• _Record extracts_
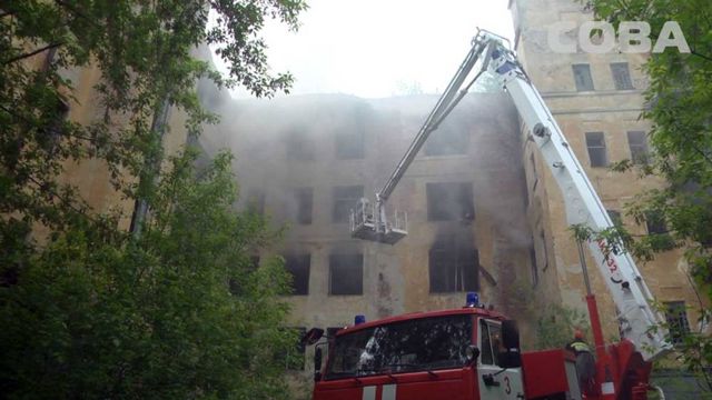 В Екатеринбурге утром 16 июня горело здание заброшенной больницы скорой медицинской помощи в Зеленой роще, сообщает служба спасения «Сова».
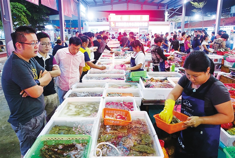 1月3日,三亚火车头万人海鲜广场,游客正在挑选各式鲜活的海鲜,公道的价格,热情的服务让不少游客慕名而来。近年来,三亚对旅游市场欺客、宰客现象的严格治理,让旅游环境得到较大改善。 本报记者 王凯 摄
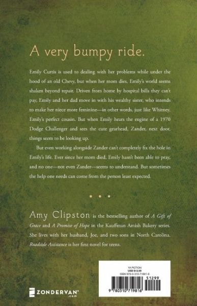 A very bumpy ride. Emily Curtis is used to dealing with her problems while under the hood of an old Chevy, but when her mom dies, Emily's world seems shaken beyond repair. Driven from home by hospital bills they can't pay, Emily and her dad move in with his wealthy sister, who intends to make her niece more feminine--in other words, just like Whitney, Emily's perfect cousin. But when Emily hears the engine of a 1970 Dodge Challenger, and sees the cute gearhead, Zander, next door, things seem to be looking up. But even working alongside Zander can't completely fix the hole in Emily's life. Ever since her mom died, Emily hasn't been able to pray, and no one--not even Zander--seems to understand. But sometimes the help you need can come from the person you least expect.
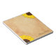 Personalized notepad with your name/business name and a custom line of text on a printed vintage parchment antique aged paper texture with yellow sunflowers.
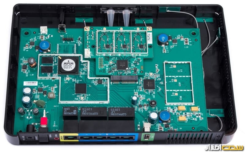 از آنجا که هنوز چیپستهای شبکه آنقدر پیشرفته نشدهاند که همه چیز را در یک چیپست مجتمع کنید، برای هر بخش از یک چیپست مجزا استفاده شده است. برای پورت شبکه 802.11ac از ماژول Alpha Networks WMC-AC01 استفاده شده است که از رابط Mini PCIe و چیپست Broadcom BCM4360 بهره میبرد. این چیپست از قابلیت MIMO 3×3:3 نیز پشتیبانی مینماید. برای رابط بیسیم 802.11n نیز از چیپست Broadcom BCM4331 بهره گرفته شده که این چیپست نیز از قابلیت MIMO 3×3:3 پشتیبانی میکند. مدیریت پورتهای گیگابیتی (یک پورت WAN و چهار پورت LAN) نیز بر عهده چیپست BCM4706 و سوئیچ BCM53125 است. پردازش اطلاعات بر عهده پردازشگر Broadcom BCM4706 بوده و 256 مگابایت حافظه RAM نیز برای آن در نظر گرفته شده است.
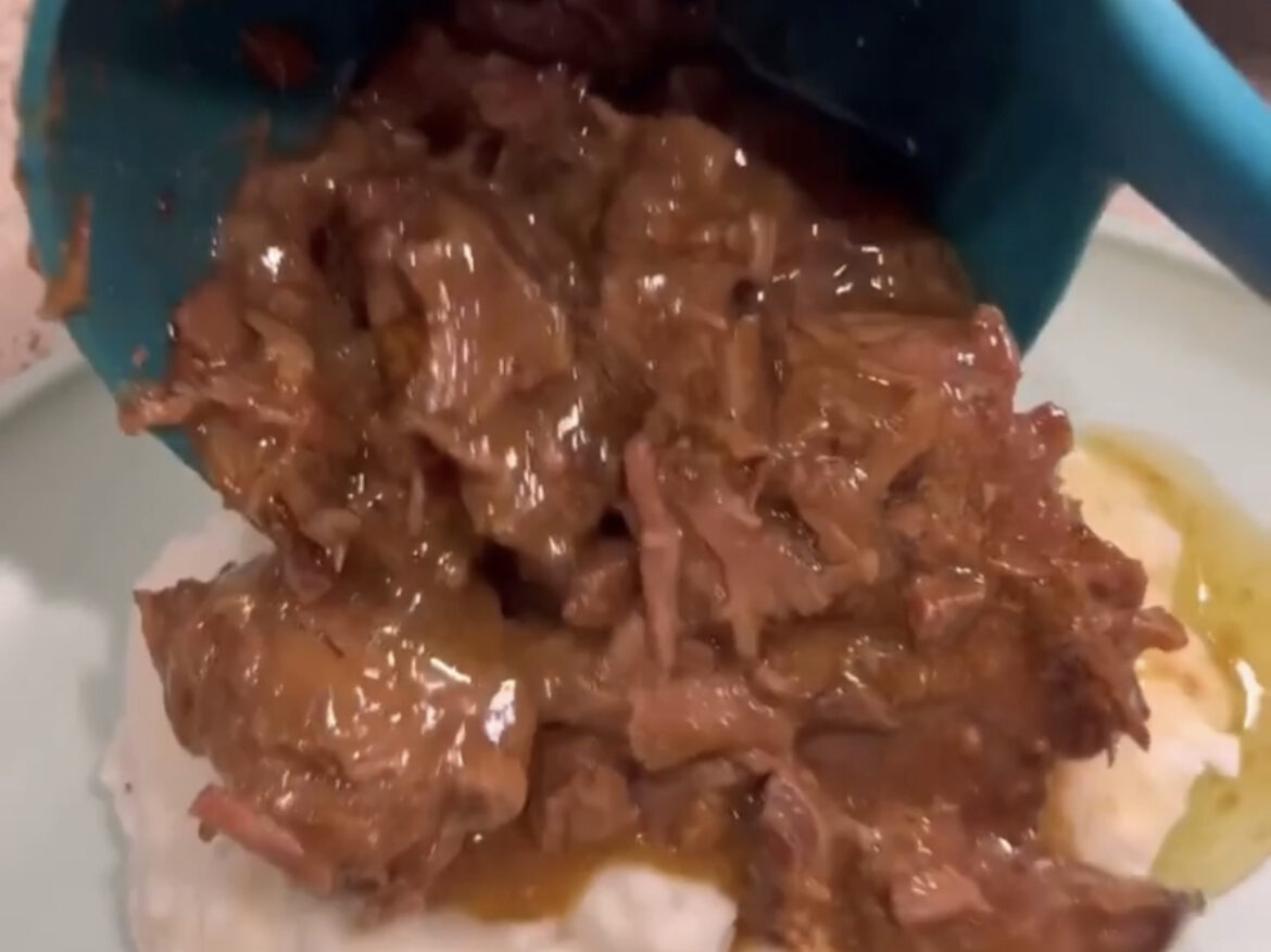 I saw this on Lori’s Facebook stories yesterday and ran to the store to buy a brown gravy packet! I bought a 3 pound pack of beef stew meat at Sam’s last month and split it in half so I had about a pound and a half in my freezer. I pulled it out yesterday tossed this in the crockpot this morning. It literally took 3 minutes. I also only used a half stick of butter and added a little beef broth. It took about 3 hours to cook and my house smells amazing!! Can’t wait to eat this over some mashed potatoes tonight when I get home from work!!
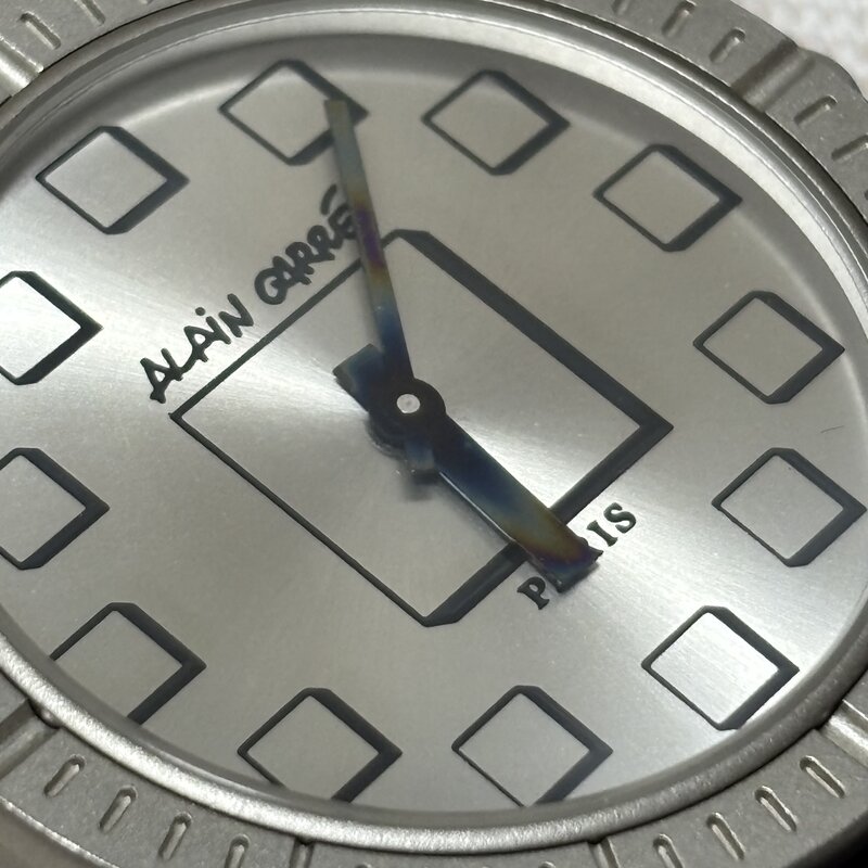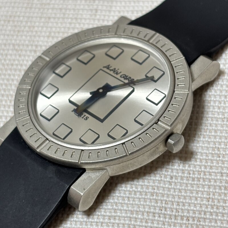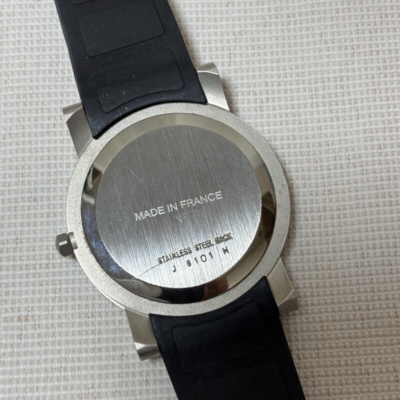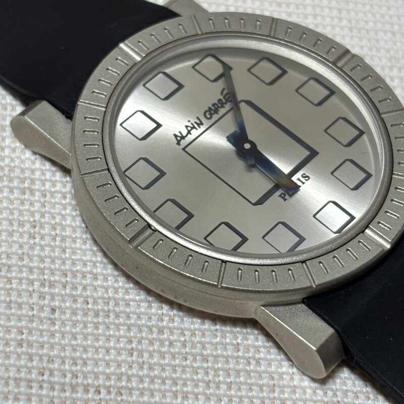 電池交換済 ALAIN CARRE PARIS フランス製 メンズクオーツ腕時計 ラバーベルト 個性的な文字盤 IW903BT05ALN//
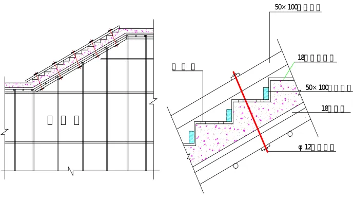 为提高楼梯砼的整体性和成品保护,本工程楼梯模板采用封闭式支模方法,即踏步面用模板封闭,螺栓穿梯板紧固,楼梯在剪力墙相应位置开槽,与剪力墙砼一起浇筑,楼梯模板在支设前应放出足尺大样,根据踏步的尺寸配制倒三角,现场拼装。支模时每个踏步应留排气孔,螺杆间距按500设置。
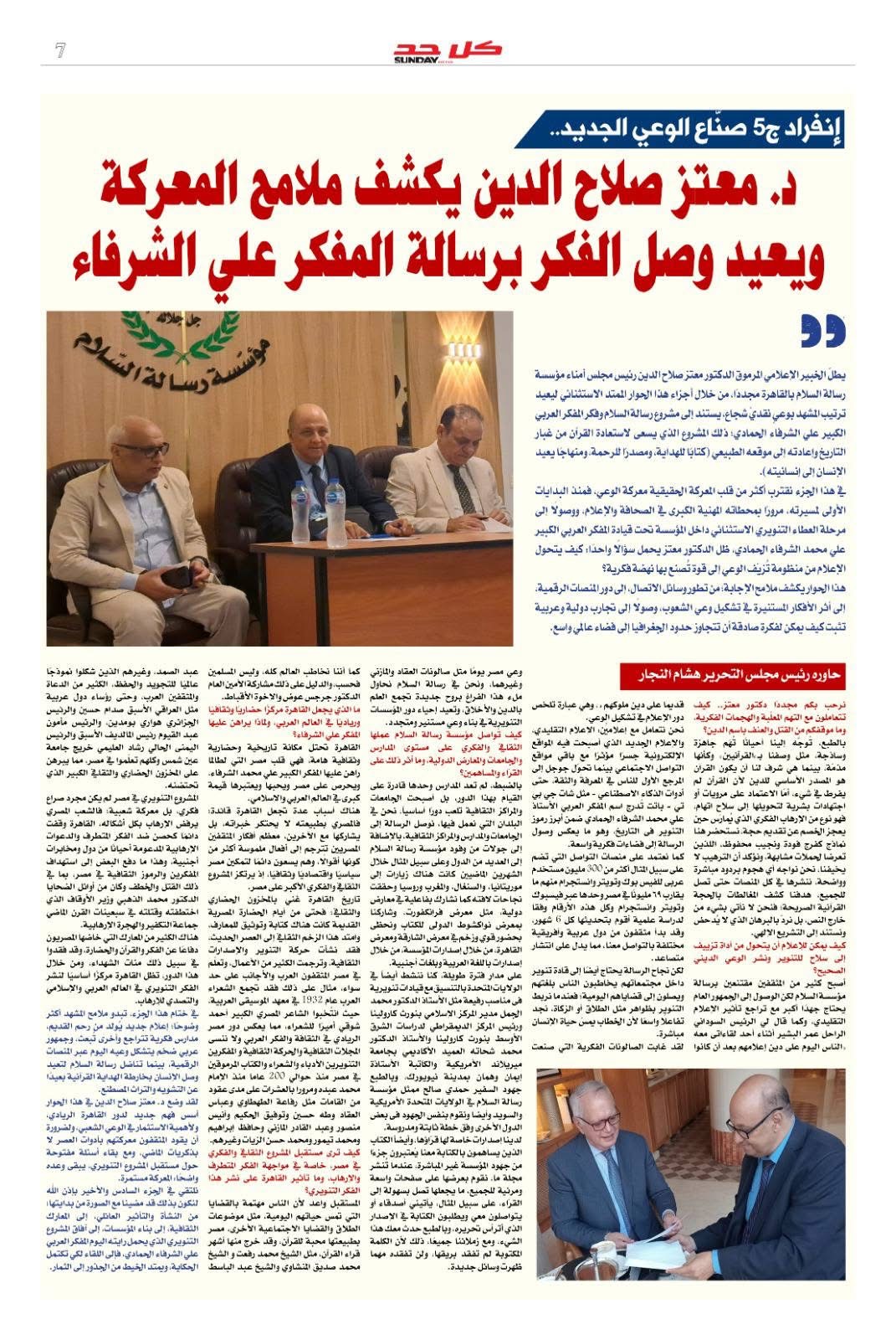 كما واصل العدد نشر الجزء الخامس من الحوار مع رئيس مجلس أمناء المؤسسة الدكتور معتز صلاح الدين، الذي يناقش في حديثه التطوير الإعلامي ومشروع المؤسسة في أفريقيا والتحديات الفكرية في مواجهة التطرف .
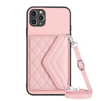 For iPhone 11 Pro Rhombic Texture Card Bag RFID Phone Case with Long Lanyard(Rose Gold)
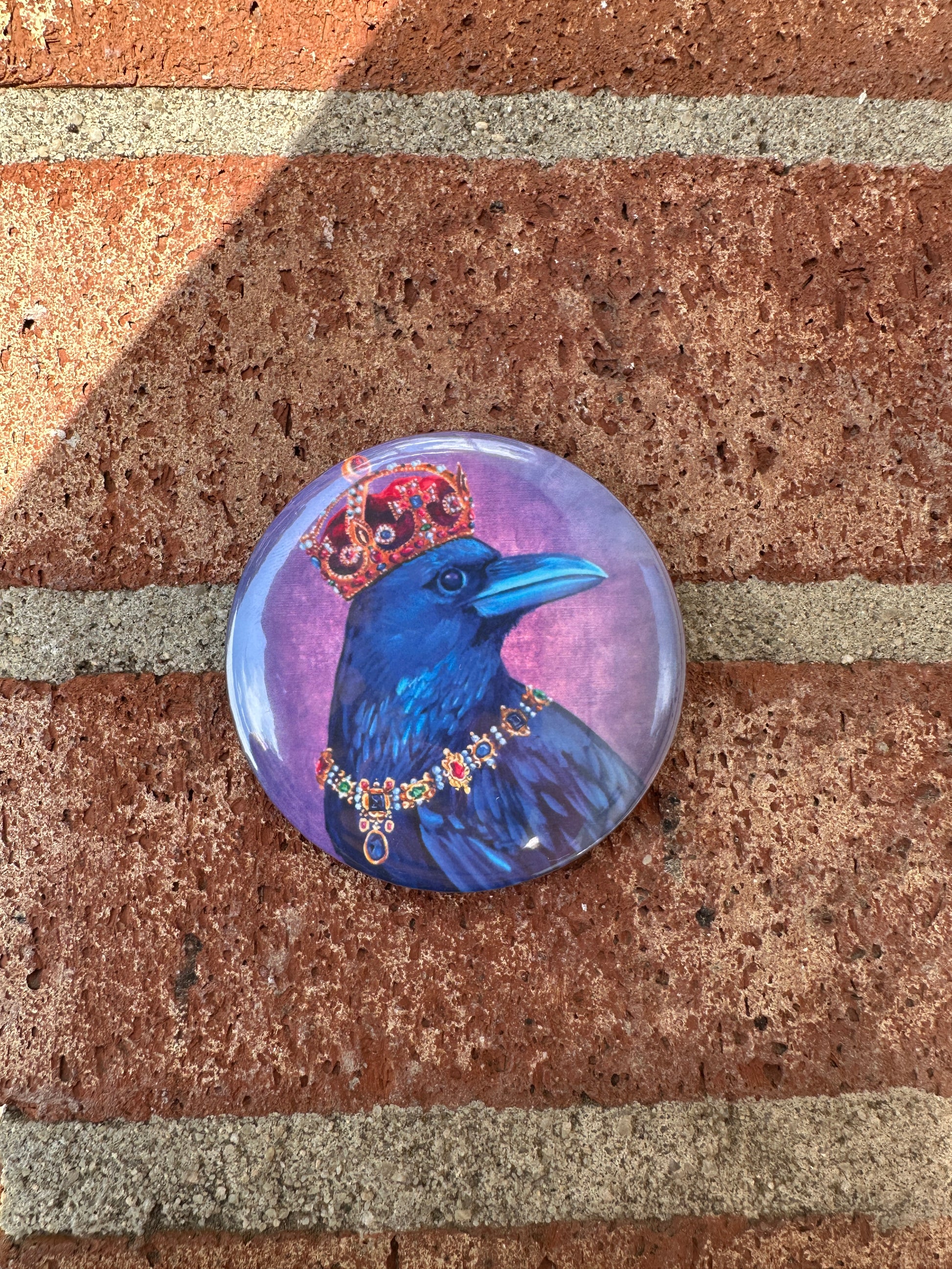 A regal crow is crowned in the jewels of the Tudor era. Wearing the livery collar of Henry VIII, and the crown of England (complete with the Ruby of the Black Prince of Wales) as it appeared in Henry's day.
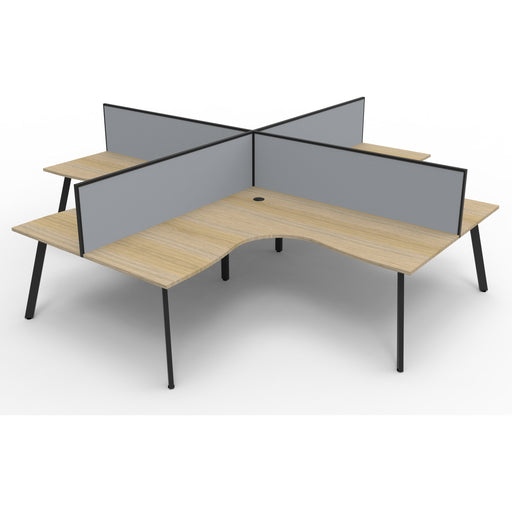 SHUSH30 Corner Workstations - 6 Person 'F' Configuration - Screen Hung Tops - Oak
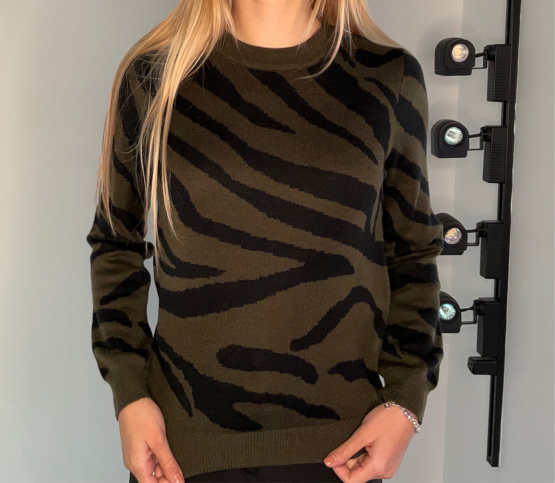 zebra stripped sweater. Model is wearing a size S. 100% acrylic.
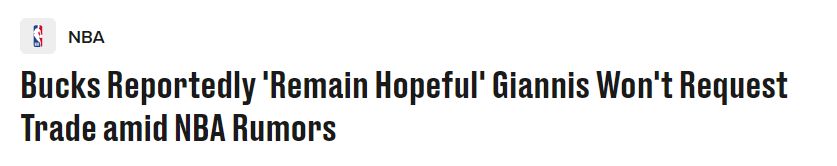 勇士若想完成交易,必须倾其所有,但并非完全不可能。Stein进一步指出:“联盟中关于字母哥可能进入交易市场的预期持续升温,许多人认为,这位30岁球星最终意识到无法在密尔沃基围绕他打造争冠阵容只是时间问题。”
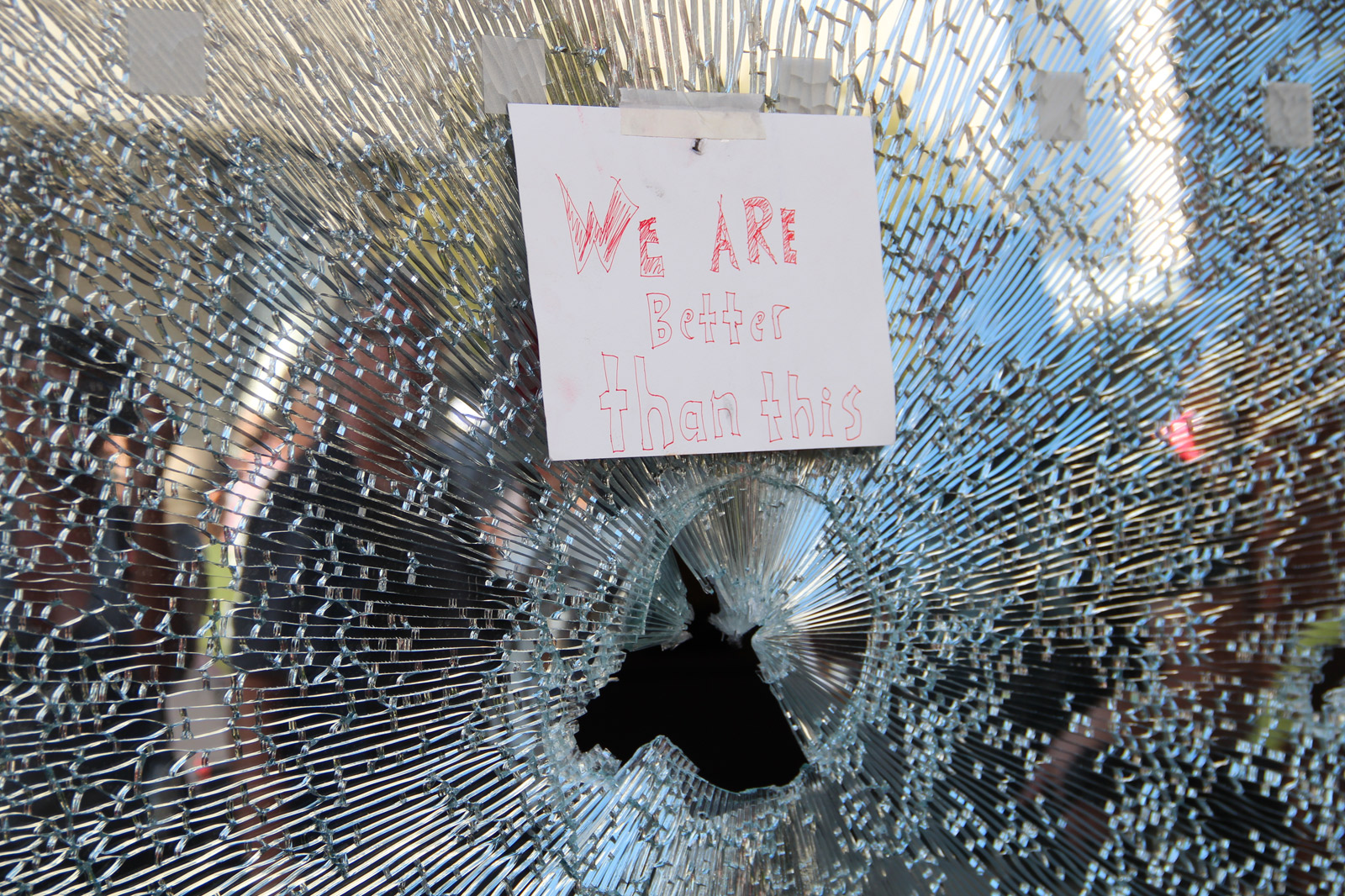 - A protester left this sign on the broken glass wall of Chase bank at Franklin and 19th street in Oakland after other protesters smashed the wall with wooden poles
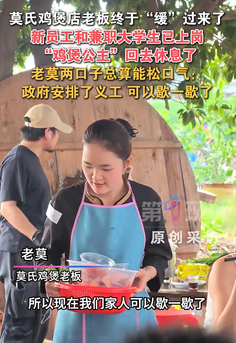 4月9日,第一现场记者探访莫氏鸡煲,老板终于缓过来了,记者在店里看到了招聘的新员工和兼职的大学生已经上岗,老莫说当地政府安排了许多义工来帮忙,终于可以歇一歇,“鸡煲公主”可以喘口气回去休息了。

• _Goal of the exercise_
Nothing but the lines from the one containing "勇士若想完成交易,必须倾其所" through the end of the entries should be written out, exactly and without pictures.

• _Solution to the problem_
 勇士若想完成交易,必须倾其所有,但并非完全不可能。Stein进一步指出:“联盟中关于字母哥可能进入交易市场的预期持续升温,许多人认为,这位30岁球星最终意识到无法在密尔沃基围绕他打造争冠阵容只是时间问题。”
 - A protester left this sign on the broken glass wall of Chase bank at Franklin and 19th street in Oakland after other protesters smashed the wall with wooden poles
 4月9日,第一现场记者探访莫氏鸡煲,老板终于缓过来了,记者在店里看到了招聘的新员工和兼职的大学生已经上岗,老莫说当地政府安排了许多义工来帮忙,终于可以歇一歇,“鸡煲公主”可以喘口气回去休息了。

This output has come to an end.